Cyber Security Specialist

Roles and responsibilities

The Senior Specialist – Information & Cyber Security will play a key role in protecting GCCIA information and technology assets against cyber threats. This position involves Implementing, monitoring, analyzing, and managing cybersecurity controls to ensure assets availability, integrity, and confidentiality. The ideal candidate will have a strong background in cybersecurity, networking, systems and industrial systems, with hands-on experience in threat detection, incident response, information protection and risk management.

Key responsibilities

Policy and Compliance:

• Develop and implement security policies, procedures, and best practices tailored to information, IT and OT systems. Ensure compliance with relevant industry standards and regulations.

Risk Management:

• Assess and manage risks associated with GCCIA systems. Provide recommendations for enhancing security posture and reducing vulnerabilities.

Security Assessments and Compliance checks:

• Conduct regular security assessments, compliance checks and vulnerability scans on GCCIA systems.

Incident Response:

• Develop and execute incident response plans for information and system-related security breaches. Coordinate with internal teams and external stakeholders to manage and mitigate incidents effectively.

Threat Monitoring and Analysis:

• manage the monitoring of IT and OT environments for security threats and vulnerabilities.

Change Management:

• Review changes and new system designs from a cybersecurity perspective and providing recommendations on the most secure way of delivery.

Training and Awareness:

• Conduct training sessions and workshops in collaboration with HR – Training section to raise awareness about cybersecurity threats and best practices among GCCIA personnel.

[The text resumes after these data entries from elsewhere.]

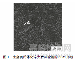 在0.2C-1.6Si-1.8Mn鋼冷軋板上切取尺寸為150mm×100mm×1.8mm的試樣,置于箱式電阻爐中加熱至950℃保溫180s,使之完全奧氏體化,隨后水淬至室溫。在經(jīng)上述處理的試樣上切取表面尺寸為6mm×8mm的金相試樣,采用體積分數(shù)4%硝酸酒精溶液浸蝕10s后,通過場發(fā)射掃描電子顯微鏡(SEM)觀察顯微組織。由圖1可知,水淬至室溫后試樣的顯微組織以板條馬氏體(M)為主。這是因為在快速冷卻過程中,碳和鐵原子來不及擴散,奧氏體不能分解為鐵素體(F)和滲碳體(Fe3C),只能形成成分與奧氏體相同的碳過飽和馬氏體。
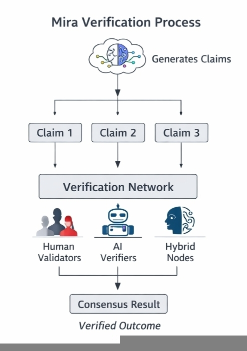Hier beginnt der Ansatz des Mira-Netzwerks, konzeptionell Sinn zu machen. Anstatt sich auf eine einzige Autorität oder ein einzelnes Modell zu verlassen, verteilt es die Verifizierung über ein Netzwerk von Teilnehmern, die Ansprüche gemeinsam bewerten.
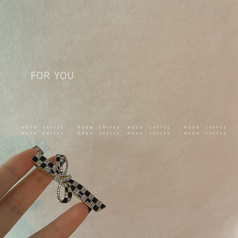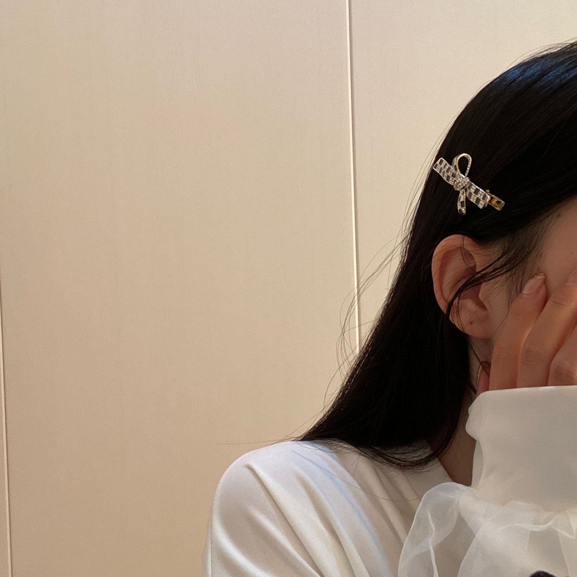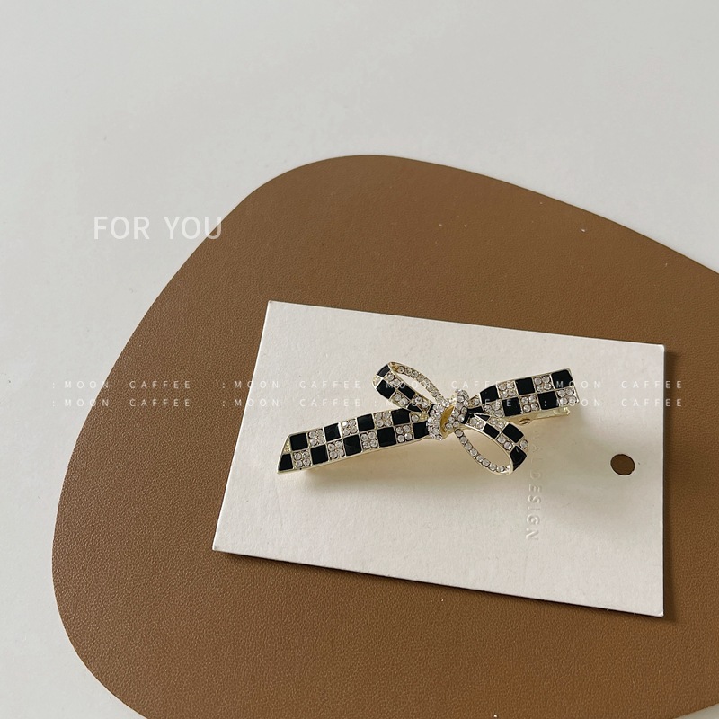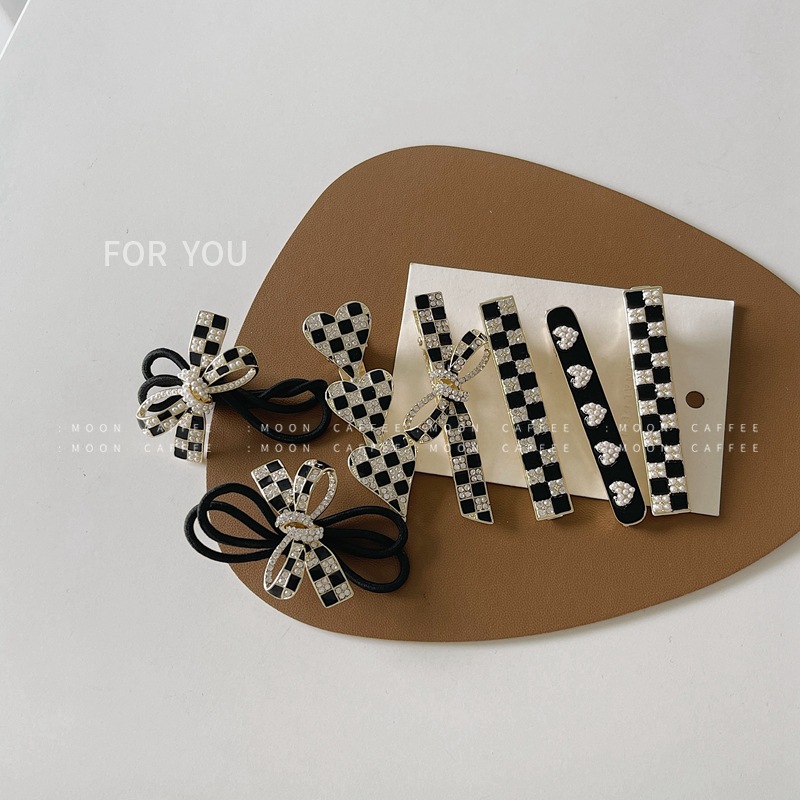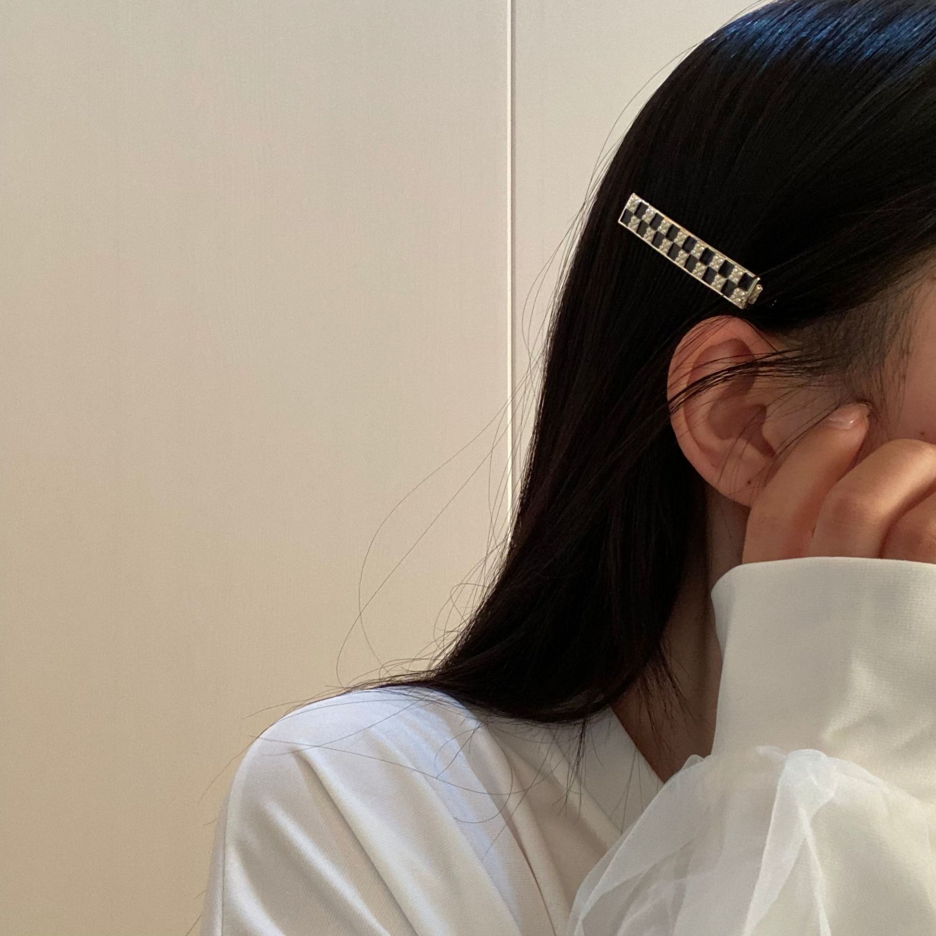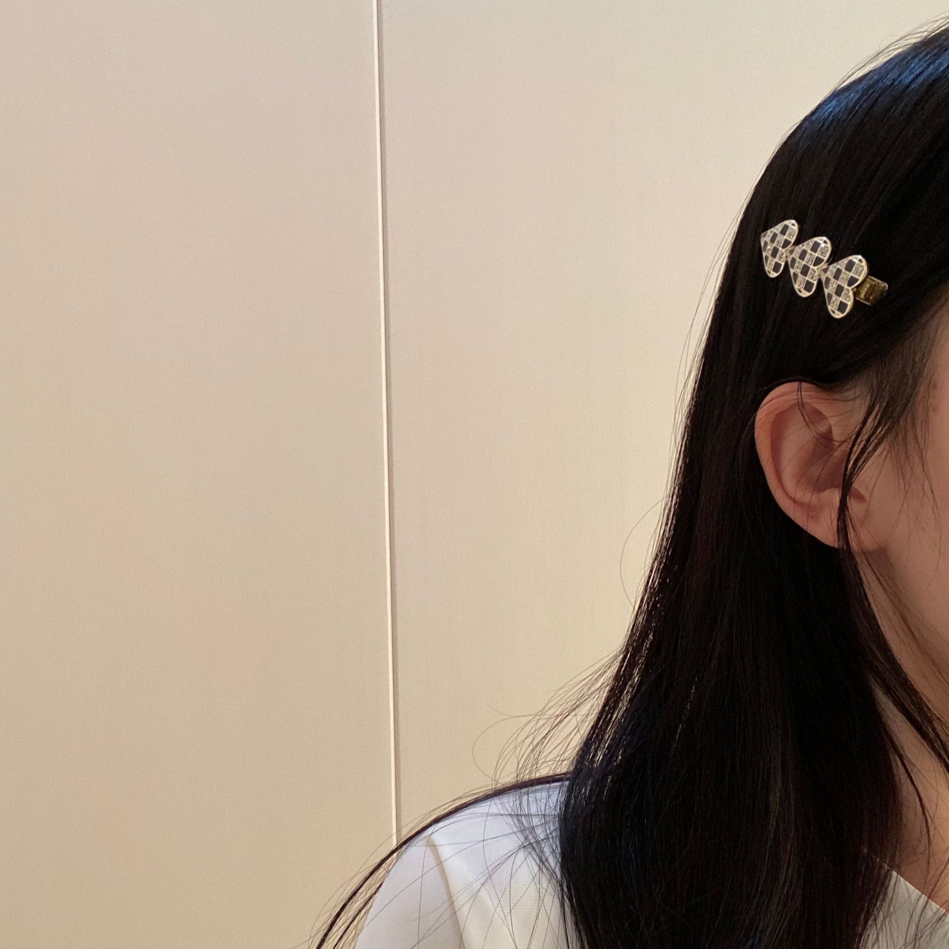 仰慕同款爱心棋盘格镶钻珍珠一字夹边夹刘海夹个性百搭发夹潮
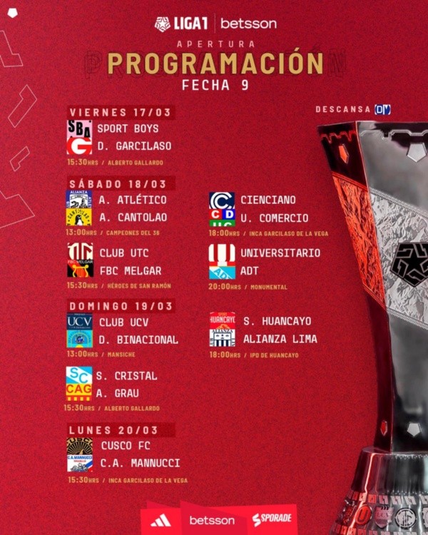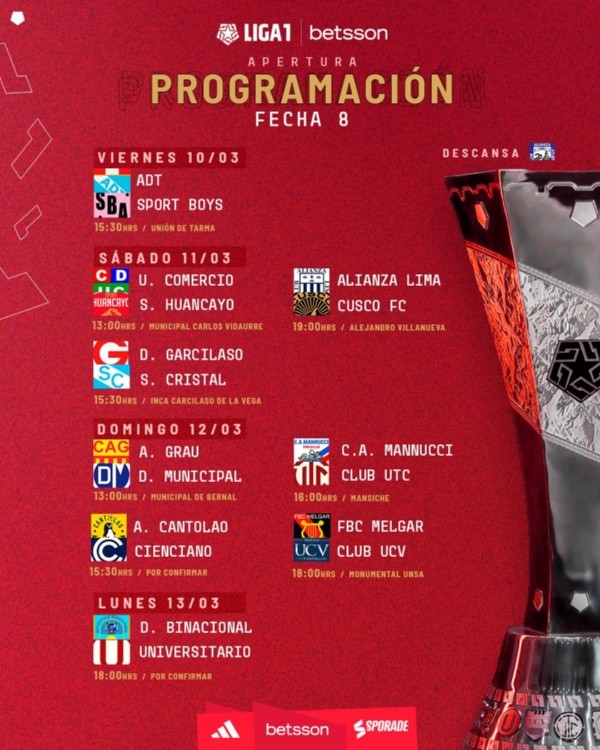 Mientras que la fecha 9 empezará el viernes 17 de marzo con el duelo entre Sport Boys y Deportivo Garcilaso. Descansando Deportivo Municipal, Universitario de Deportes jugará ante ADT el sábado, Sporting Cristal recibirá a Atlético Grau y Alianza Lima visitará a Sport Huancayo el domingo.
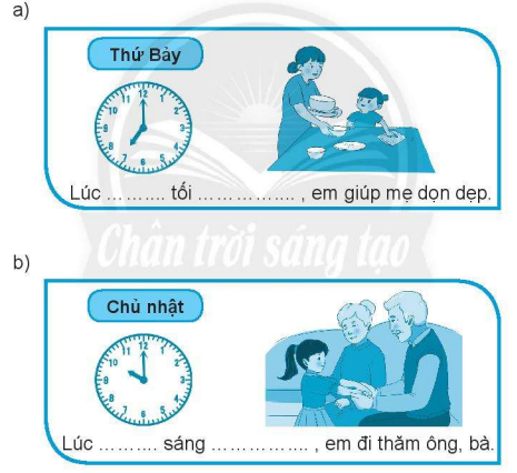 a) Lúc 7 giờ tối thứ Bảy, em giúp mẹ dọn dẹp.
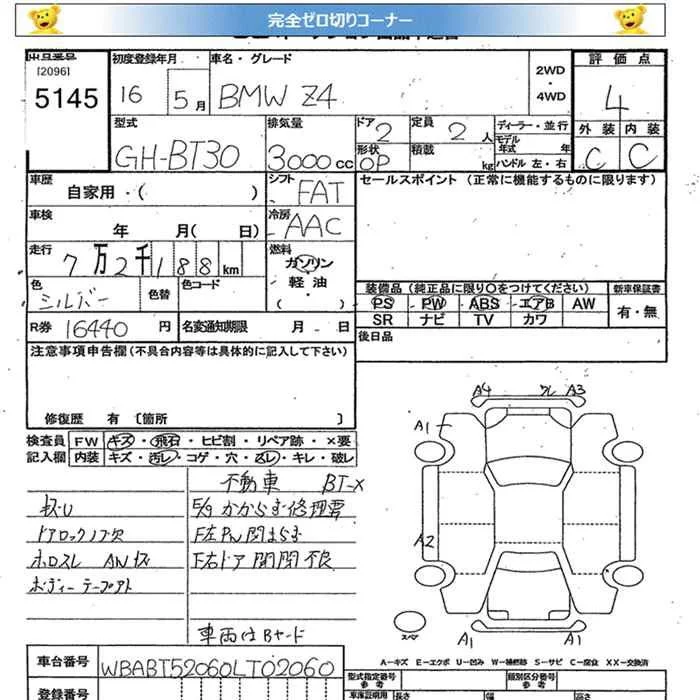 BMW Z4 с аукциона Японии JU Miyagi лот № 5145

Documentation and Reporting:

• Maintain detailed records of information and cybersecurity incidents, assessments, and changes. Prepare and present reports to management on security status and improvements.

Collaboration:

• Work closely with All GCCIA departments and teams to integrate information and cybersecurity measures into GCCIA systems. Provide guidance and support on security-related issues.

Desired candidate profile

Bachelor’s degree in Cybersecurity, Information Technology, Computer Science, Engineering, or a related field.

Skills
Strong understanding of IT and OT protocols and systems (e.g., SCADA, DCS, PLCs). Familiarity with security tools and technologies used in IT and OT environments. Knowledge of network security, threat intelligence, and incident response.
Excellent problem-solving skills with the ability to analyze complex security issues and develop effective solutions.
Strong verbal and written communication skills. Ability to convey technical information to non-technical stakeholders clearly and effectively.
High level of attention to detail with a commitment to accuracy and thoroughness in all tasks.
Cybersecurity Strategy and Implementation
Develop Security Policies: Design, implement, and enforce security policies, protocols, and best practices to ensure the organization's systems and data are protected.
Security Frameworks: Implement industry standards and frameworks (e.g., NIST, ISO/IEC 27001, CIS Controls) to ensure a structured approach to cybersecurity across the organization.
Risk Assessment and Management: Conduct regular risk assessments to identify potential threats and vulnerabilities in the organization's infrastructure and data. Develop strategies to mitigate risks and improve the security posture.
Incident Response Planning: Develop and maintain an incident response plan to address and resolve security breaches quickly. Coordinate with internal teams to ensure timely responses to cyber incidents.